#### [Problem statement]
Two lines mark the range in the entries below: the one holding "void OnDataSent(const uint8_t" and the one holding "All of that". Set down those two and all lines between them, exactly.

#### [Records shown]
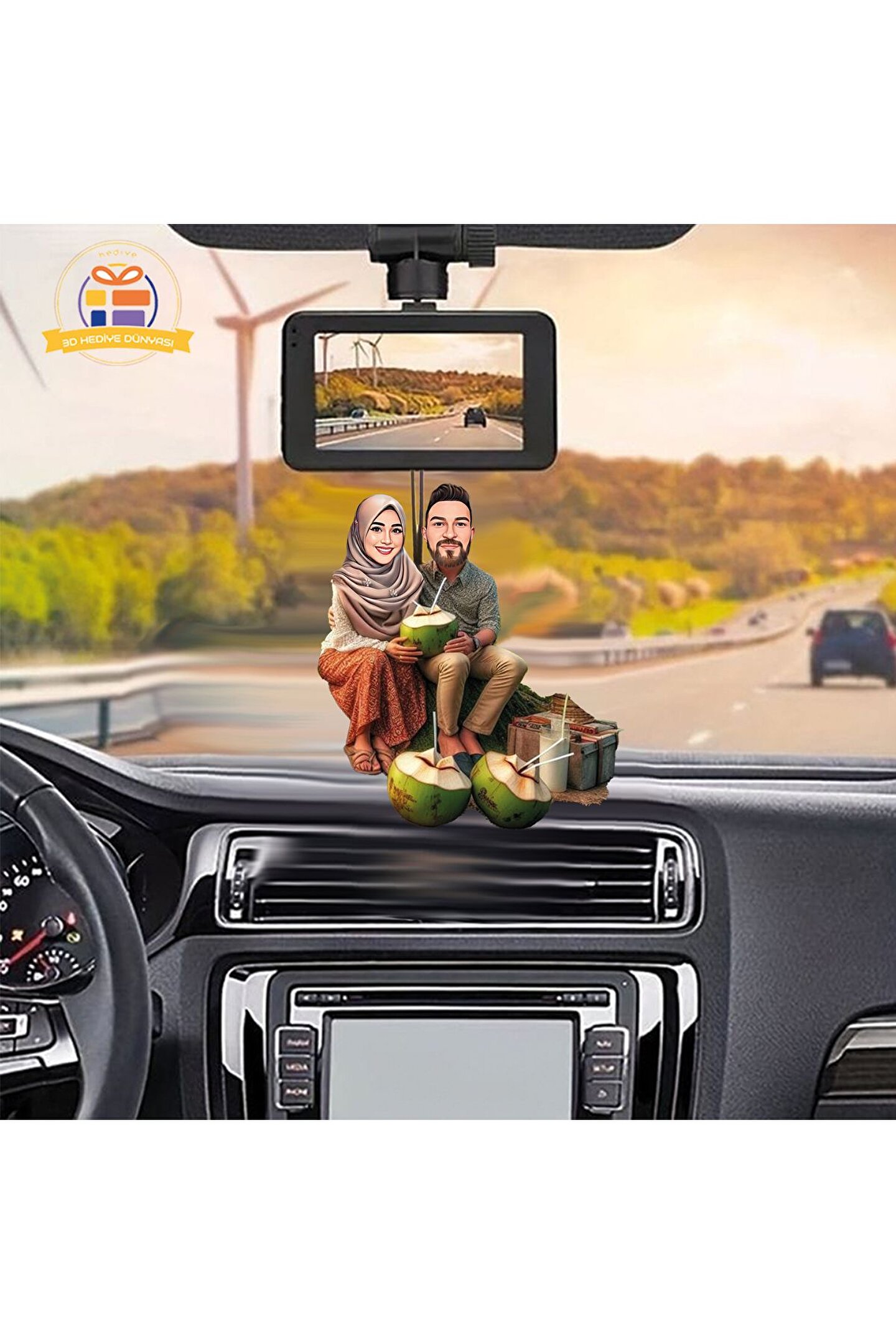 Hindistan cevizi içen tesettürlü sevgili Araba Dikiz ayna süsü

* * *

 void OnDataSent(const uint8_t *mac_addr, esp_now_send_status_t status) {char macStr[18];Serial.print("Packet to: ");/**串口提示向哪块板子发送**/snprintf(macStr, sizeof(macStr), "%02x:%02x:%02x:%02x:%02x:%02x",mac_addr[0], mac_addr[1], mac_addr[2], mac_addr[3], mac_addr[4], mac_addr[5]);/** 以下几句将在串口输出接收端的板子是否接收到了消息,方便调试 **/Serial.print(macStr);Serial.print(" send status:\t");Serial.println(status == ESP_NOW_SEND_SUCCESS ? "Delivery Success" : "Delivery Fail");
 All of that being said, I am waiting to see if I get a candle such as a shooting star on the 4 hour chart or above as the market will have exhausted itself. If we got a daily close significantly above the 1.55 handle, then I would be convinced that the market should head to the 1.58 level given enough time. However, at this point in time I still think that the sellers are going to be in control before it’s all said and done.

#### [Solution for this task]
 void OnDataSent(const uint8_t *mac_addr, esp_now_send_status_t status) {char macStr[18];Serial.print("Packet to: ");/**串口提示向哪块板子发送**/snprintf(macStr, sizeof(macStr), "%02x:%02x:%02x:%02x:%02x:%02x",mac_addr[0], mac_addr[1], mac_addr[2], mac_addr[3], mac_addr[4], mac_addr[5]);/** 以下几句将在串口输出接收端的板子是否接收到了消息,方便调试 **/Serial.print(macStr);Serial.print(" send status:\t");Serial.println(status == ESP_NOW_SEND_SUCCESS ? "Delivery Success" : "Delivery Fail");
 All of that being said, I am waiting to see if I get a candle such as a shooting star on the 4 hour chart or above as the market will have exhausted itself. If we got a daily close significantly above the 1.55 handle, then I would be convinced that the market should head to the 1.58 level given enough time. However, at this point in time I still think that the sellers are going to be in control before it’s all said and done.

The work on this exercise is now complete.